16 July 2010

Revenge Willy

We’re going old school for this one, to a movie that’s even older than me. To a movie that doesn’t have any computer generated effects because computers in those days took up entire buildings and took 2 days to compute the multiplications table. Yes, we’re taking it all the way back to 1977, to a little known (to me) movie entitled Orca: The Killer Whale. As far as my requirement for descriptive titles goes, this one wins points for brevity, but looses points for being inaccurate. It should have been called Orca: The Killer Dolphin or Orca: The Evil Mastermind, I would have accepted either.
As for the fake science, there really wasn’t that much of it. I mean, there wasn’t anything special or prehistoric about the Orca that needed to be explained away. I’m fairly certain they fudged some of the information on dolphin behaviour and sociology, but as far as these movies go it was hardly a glaring offender. Everything they showed is technically possible, just not probable in the context they used.

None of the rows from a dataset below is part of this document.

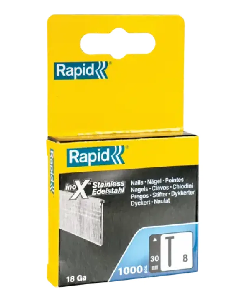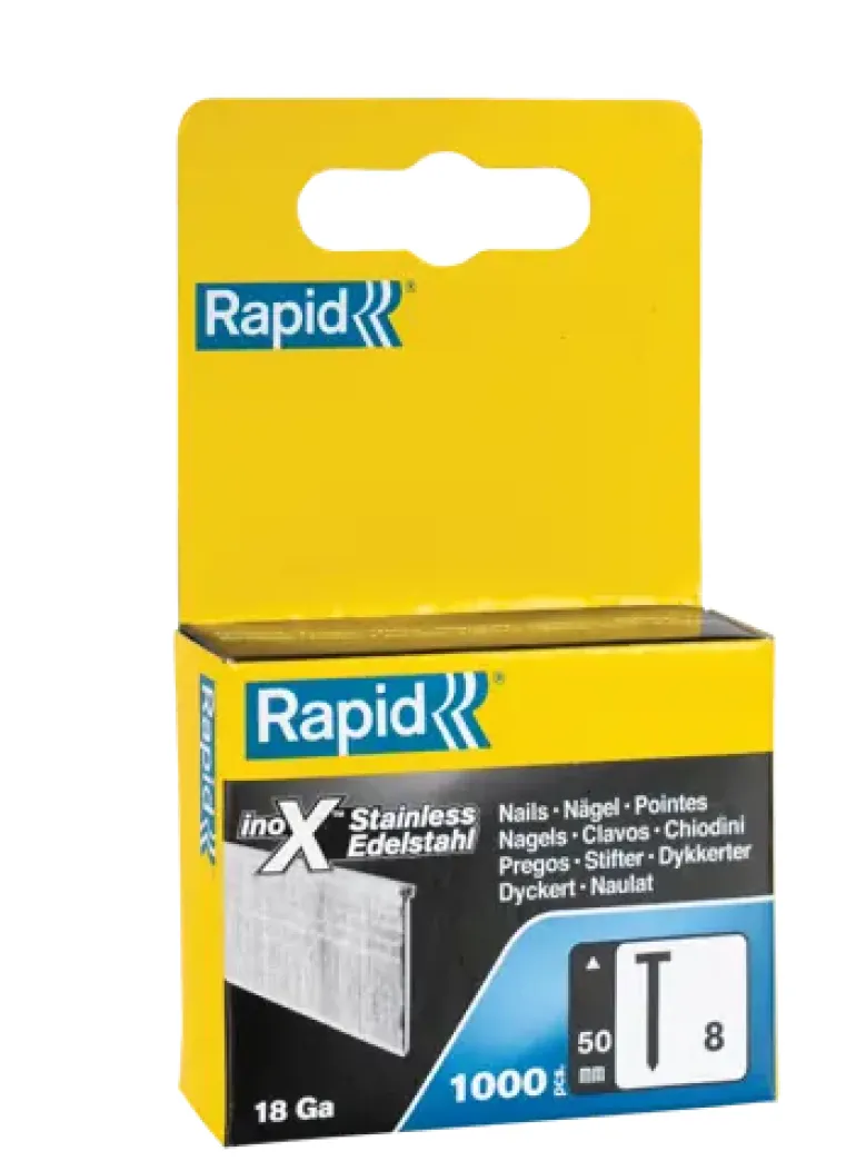 Rapid nro 8 on korkealaatuinen ruostumaton 50 mm dyckertnaula monipuoliseen käyttöön. Rapid nro 8 50 mm soveltuu erilaisiin käyttötarkoituksiin, kuten ohuiden listojen kiinnitykseen ja kehysten tekoon. Naulojen materiaali on ruostumatonta terästä ja ne on tarkkuusleikattu niin, että ne läpäisevät parhaalla mahdollisella tavalla. Erityisesti vaativiin ulko-olosuhteisiin.
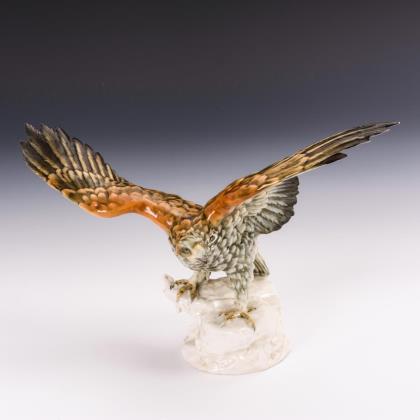 Auf einem Felsen stehender Adler mit ausgebreiteten Schwingen
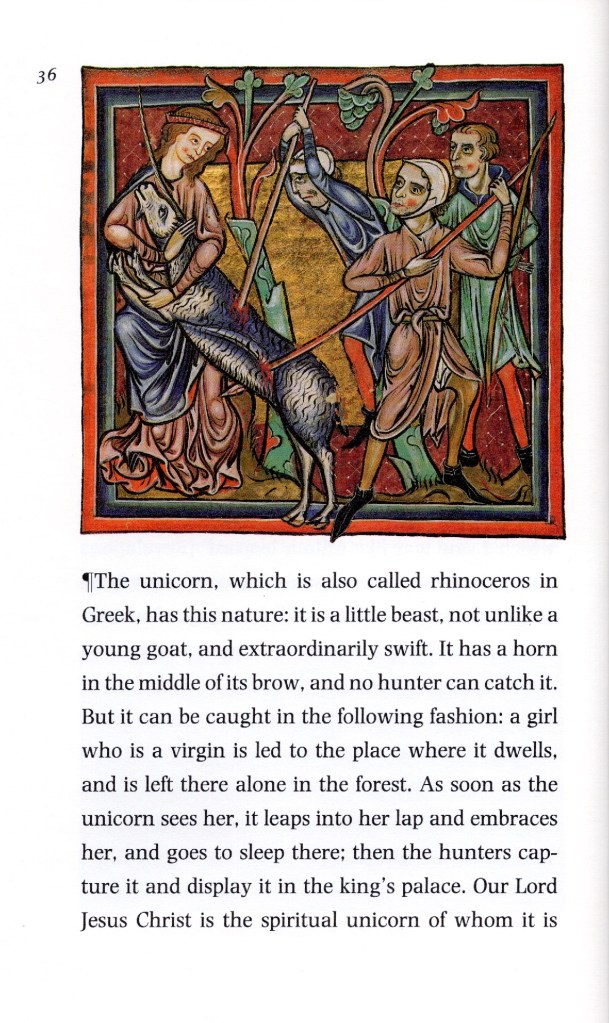I’ve been reading Bestiary, a reproduction of M.S. Bodley 764, translated by Richard Barber, published by the Folio Society in 1992, and find it strangely reassuring. The book has facsimiles of the miniature manuscript illustrations of animals, along with the 13th century text. The text includes not only descriptions of the animals but also what the Creator intended us to learn from animals. Some of the lessons are surprising: the lion is merciful but the fox is the devil, as is the wolf, but not the loyal loving dog.

I want to say that this movie was actually pretty good. The writing and acting were pretty bad, but it was refreshing to be reminded about special effects in the pre-computer era. I will admit that the opening sequence – clearly footage of orcas in captivity – left me with low expectations. Then the next sequence didn’t help much. An Irish fisherman sailing an American boat off the coast of Newfoundland was hunting a great white shark. His aim was to capture one live and sell it to an aquarium, likely trying to cash in on the Jaws fever that would have been sweeping the nation. Bastard. While hunting he runs into a “teacher” from “the university” who is studying orca calls. Her stupid assistant falls in the water and attracts the shark, and is saved by an orca that head-butts the shark into submission. Here’s what the viewer sees: stock footage of sharks and orcas, footage of the assistant treading water, then we see an orca ramming head-first into a badly-made shark model. So fake. But, honestly, the movie got better.

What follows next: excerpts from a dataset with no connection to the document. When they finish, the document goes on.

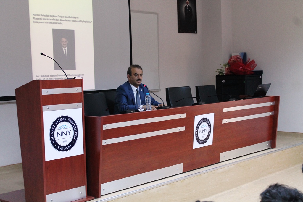Politika ve Akademi Kulübümüz tarafından düzenlenen 'Akademi Söyleşileri" çerçevesinde Hacılar Belediye Başkanı Dr. Doğan Ekici öğrencilerimizle bir araya geldi. Söyleşide kariyer planlaması, siyasette başarı, yerel siyaset konuları ele alındı ve soru cevap kısmının ardından söyleşi tamamlandı.
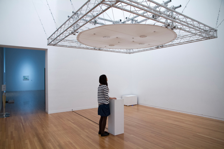 This artwork features a large membrane hanging in the exhibition space which is vibrated by the sound of the viewer’s blood flow detected in real time. Music can be played by controlling the vibration through variations of tension in the membrane. It is an attempt to produce something different to a string or tympanic instrument, a giant musical space that coexists with the environment.
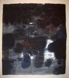⑩ ⑤の版でリキテックスマースブラックを摺る
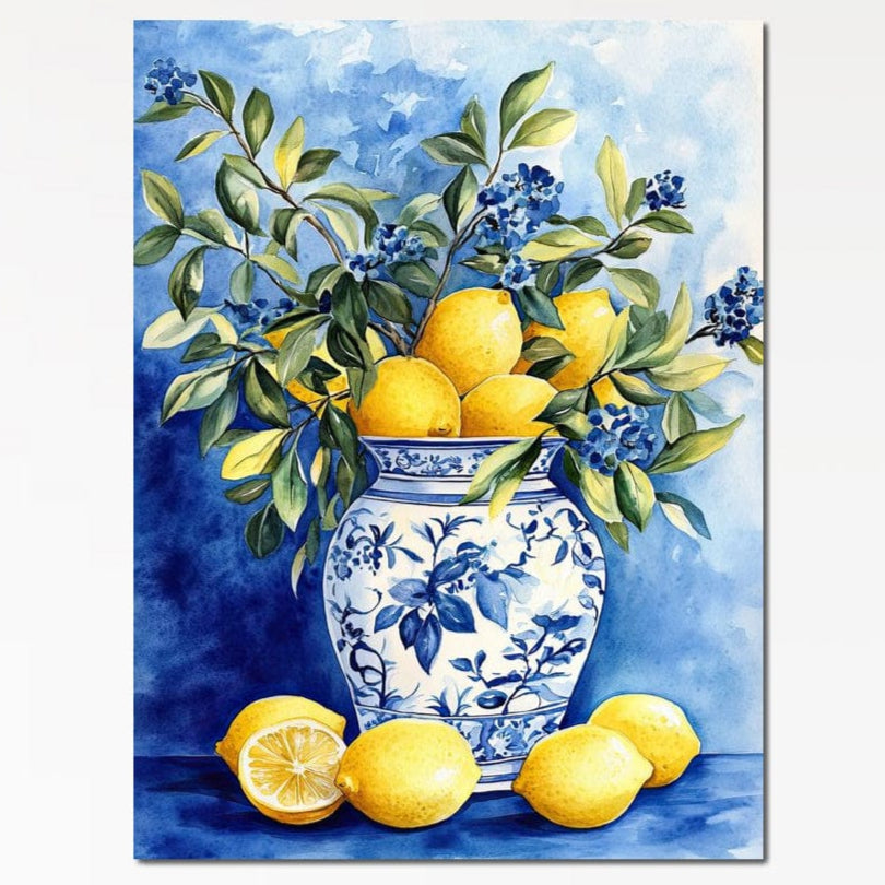 Tablou Canvas Premium, LuxCanva® N1069, Buchet de Lamai, Citrice, Lamaie, Vaza, Ceramica, Limonada, Frunze, Flori, Pictura, Rustic, Restaurant, Bucatarie - 45 X 60 / Doar Sasiu Lemn / Normala

So, the Captain is all “what was that?” and teacher chick teaches the Captain about what incredible smart creatures the orcas are. Of course, he decides to try and capture one to sell to an aquarium. He’s about 16 years too early for the Free Willy craze, but that’s the least of his problems. In attempting to tranq a male, he misses and hits the male’s mate. The female, severely wounded, throws herself on the propeller of the fishing boat in an attempt to kill herself. Meanwhile her mate is seriously upset and making anguished vocalisations. The fishermen haul the female out of the water. She’s still alive and there’s this scene that’s probably the most disturbing scene I have ever seen in one of these monster-killer-animal movies. I won’t tell you what it is, but I will say that it’s clearly a motivating force for the Male Orca and what he does next.

What follows is the revenge. Orca follows the boat back to port and proceeds to terrorize the entire town by sinking boats and blowing up oil refineries (this was one genius dolphin). Eventually Orca trashes the Captain’s house (or, at least, where he was staying) which seems to be his last straw as he finally goes back to sea to face the Orca like a man.

There’s a final showdown on ice floes in, like, the Arctic. I won’t tell you who wins. I will say that the annoying character I hated dies. And that Orca was probably the most sympathetic character in the whole movie. I would like to applaud the performance of the trained orcas that acted in the part of Orca. They did a good job of bumping into things and swimming around. And as far as I know, they didn't actually kill anyone during filming. Bravo!